Besides simple types and enums, we can also extract objects whose structure is given by a class derived from Pydantic's BaseModel definition:

Example

from sibila import Models
from pydantic import BaseModel

Models.setup("../models")
model = Models.create("llamacpp:openchat")

class Person(BaseModel):
    first_name: str
    last_name: str
    age: int
    occupation: str
    source_location: str

in_text = """\
Seated at a corner table was Lucy Bennett, a 28-year-old journalist from London, 
her pen poised to capture the essence of the world around her. 
Her eyes sparkled with curiosity, mirroring the dynamic energy of her beloved city.
"""

model.extract(Person,
              in_text)

Result

Person(first_name='Lucy', 
       last_name='Bennett',
       age=28, 
       occupation='journalist',
       source_location='London')

See the dataclass version here.

We can extract a list of Person objects by using list[Person]:

Example

in_text = """\
Seated at a corner table was Lucy Bennett, a 28-year-old journalist from London, 
her pen poised to capture the essence of the world around her. 
Her eyes sparkled with curiosity, mirroring the dynamic energy of her beloved city.

Opposite Lucy sat Carlos Ramirez, a 35-year-old architect from the sun-kissed 
streets of Barcelona. With a sketchbook in hand, he exuded creativity, 
his passion for design evident in the thoughtful lines that adorned his face.
"""

model.extract(list[Person],
              in_text)

Result

[Person(first_name='Lucy', 
        last_name='Bennett',
        age=28, 
        occupation='journalist',
        source_location='London'),
 Person(first_name='Carlos', 
        last_name='Ramirez',
        age=35,
        occupation='architect',
        source_location='Barcelona')]

Field annotations#

As when extracting to simple types, we could also provide instructions by setting the inst argument.

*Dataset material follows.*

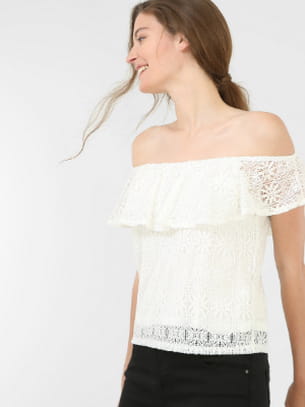 Top blanc en dentelle avec volants sur l'encolure dénudée de Pimkie

However, instructions are by nature general and when extracting structured data, it's harder to provide specific instructions for fields.

For this purpose, field annotations are more effective than instructions: they can be provided to clarify what we want extracted for each specific field.

For Pydantic this is done with Field(description="description") - see the "start" and "end" attributes of the Period class:

Example

from typing import Literal, Optional, Union
from pydantic import BaseModel, Field

Weekday = Literal["Monday", "Tuesday", "Wednesday", "Thursday", "Friday", "Saturday", "Sunday"
]

class Period(BaseModel):
    start: Weekday = Field(description="Day of arrival")
    end: Weekday = Field(description="Day of departure")

model.extract(Period,
              "Right, well, I was planning to arrive on Wednesday and "
              "only leave Sunday morning. Would that be okay?")

Result

Period(start='Wednesday', end='Sunday')

In this manner, the model can be informed of what is wanted for each specific field.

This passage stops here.